Listed entries:
━━━━━━━━━━
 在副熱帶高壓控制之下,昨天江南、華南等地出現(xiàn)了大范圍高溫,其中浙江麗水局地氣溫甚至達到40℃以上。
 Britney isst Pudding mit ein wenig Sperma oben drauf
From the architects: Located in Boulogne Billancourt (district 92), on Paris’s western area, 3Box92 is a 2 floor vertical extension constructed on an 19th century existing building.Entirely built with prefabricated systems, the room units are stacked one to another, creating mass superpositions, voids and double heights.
━━━━━━━━━━
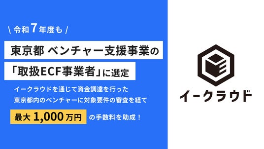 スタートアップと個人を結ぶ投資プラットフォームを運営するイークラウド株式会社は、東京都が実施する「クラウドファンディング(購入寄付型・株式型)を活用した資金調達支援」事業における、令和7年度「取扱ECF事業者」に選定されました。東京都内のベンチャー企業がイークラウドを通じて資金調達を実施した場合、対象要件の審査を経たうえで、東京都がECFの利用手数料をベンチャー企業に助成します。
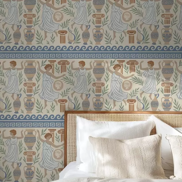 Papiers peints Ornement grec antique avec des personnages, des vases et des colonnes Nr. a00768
━━━━━━━━━━
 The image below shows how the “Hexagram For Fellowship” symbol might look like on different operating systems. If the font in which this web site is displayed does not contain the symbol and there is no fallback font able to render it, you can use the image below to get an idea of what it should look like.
━━━━━━━━━━
Action item: Everything above from the line containing "在副熱帶高壓控制之下,昨天江" down to the line containing "From the architects: Located" is to be transcribed exactly, with both of those lines included and nothing else added.

Solution:
 在副熱帶高壓控制之下,昨天江南、華南等地出現(xiàn)了大范圍高溫,其中浙江麗水局地氣溫甚至達到40℃以上。
 Britney isst Pudding mit ein wenig Sperma oben drauf
From the architects: Located in Boulogne Billancourt (district 92), on Paris’s western area, 3Box92 is a 2 floor vertical extension constructed on an 19th century existing building.Entirely built with prefabricated systems, the room units are stacked one to another, creating mass superpositions, voids and double heights.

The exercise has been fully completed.